System Size: Large (12 qubits), requires sampling methods
Runtime: ~10-30 minutes for R=100 test case
Memory: Moderate (2-4 GB for R=100)
Recommended R: Start with 100, scale to 850 for full reproduction

Scaling Guidelines¶

System Size	Method Selection	Recommended R	Expected Runtime
1-3 qubits	Exact	2^n_qubits	< 1 minute
4-6 qubits	Exact/Auto	50-200	1-5 minutes
7-10 qubits	Auto → Sampling	100-500	5-20 minutes
11+ qubits	Auto → Sampling	100-1000	10+ minutes

Advanced Features Demonstrated¶

1. Error Handling and Robustness¶

Both examples include comprehensive error handling:

try:
    result = algorithm.run(initial_states, total_shots)
    print(f"✓ Method completed: {result.ground_state_energy:.6f} Ha")
except Exception as e:
    print(f"✗ Method failed: {e}")
    # Graceful degradation continues with other methods

2. Performance Monitoring¶

Real-time performance tracking:

start_time = time.time()
result = algorithm.run(initial_states, total_shots)
execution_time = time.time() - start_time
print(f"Completed in {execution_time:.1f}s")

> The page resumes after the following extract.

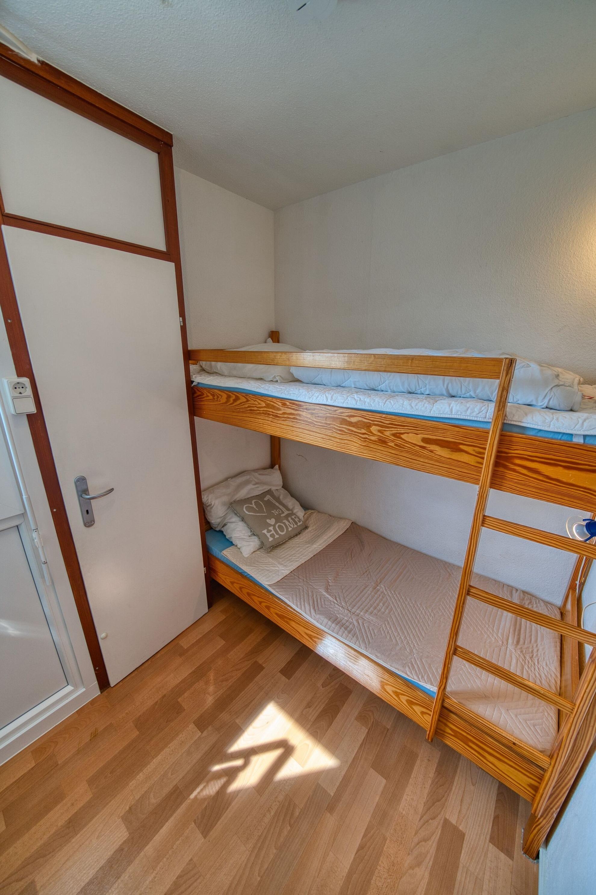 Der Wohn-Schlafbereich ist mit Doppelbett, Smart-TV und Laminatboden ausgestattet. Ein separates Kinderzimmer mit Etagenbett bietet zusätzlichen Komfort. WLAN steht zur Verfügung.
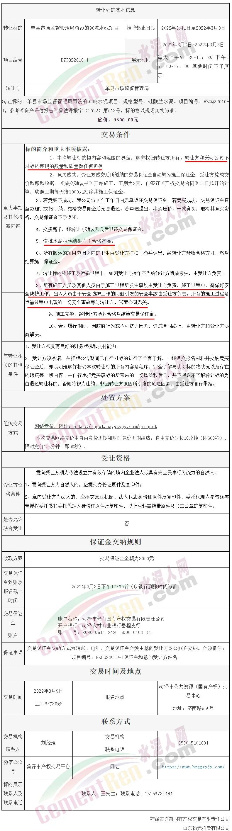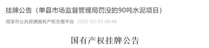 ?日前菏澤市公共資源國有產(chǎn)權交易平臺發(fā)布的一則《國有產(chǎn)權掛牌公告》的顯示,將于2022年3月1日至2022年3月8日掛牌轉(zhuǎn)讓標的為單縣市場監(jiān)督管理局罰沒的90噸硅酸鹽水泥,底價為9500元 。重大事項及其他披露內(nèi)容中明確“該批水泥抽檢結(jié)果為不合格產(chǎn)品。”

3. Adaptive Parameter Selection¶

Intelligent parameter choices based on system size:

# H2 system: smaller, can use more states
num_states_pick_out = 50

# H6 system: larger, start with fewer states for testing
num_states_pick_out = 100  # Scale up to 850 for production

4. Professional Visualization¶

Both examples generate publication-quality plots with: - Multiple subplot layouts - Color-coded method comparison - Theoretical reference lines - Comprehensive legends and annotations - High-resolution output (300 DPI)

Next Steps¶

After running these examples, consider:

Parameter Exploration: Modify shot counts, evolution times, and R values
Method Comparison: Add other quantum algorithms for comparison
Larger Systems: Scale up to bigger molecules (H\(_8\), H\(_{10}\), etc.)
Custom Analysis: Implement your own analysis scripts using these as templates
Performance Optimization: Profile and optimize for your specific hardware

Troubleshooting¶

Common Issues¶

Import Errors: Ensure all dependencies are installed

uv sync  # Install project dependencies
uv add pyscf matplotlib seaborn  # Add additional packages

Memory Issues: Reduce R parameter for large systems

# Instead of R=850, start with R=100 for testing
num_states_pick_out = 100

Long Runtime: Use smaller parameter ranges for testing

# Fewer bond lengths for H2 example
bond_lengths = np.linspace(0.5, 1.5, 10)  # Instead of 30 points

# Fewer time points for H6 example  
times = np.logspace(-2, -0.5, 8)  # Instead of 15 points

Plot Display Issues: Ensure display backend is configured

import matplotlib
matplotlib.use('Agg')  # For headless systems

For additional help, refer to the API Reference or check the Testing Strategy for validation approaches.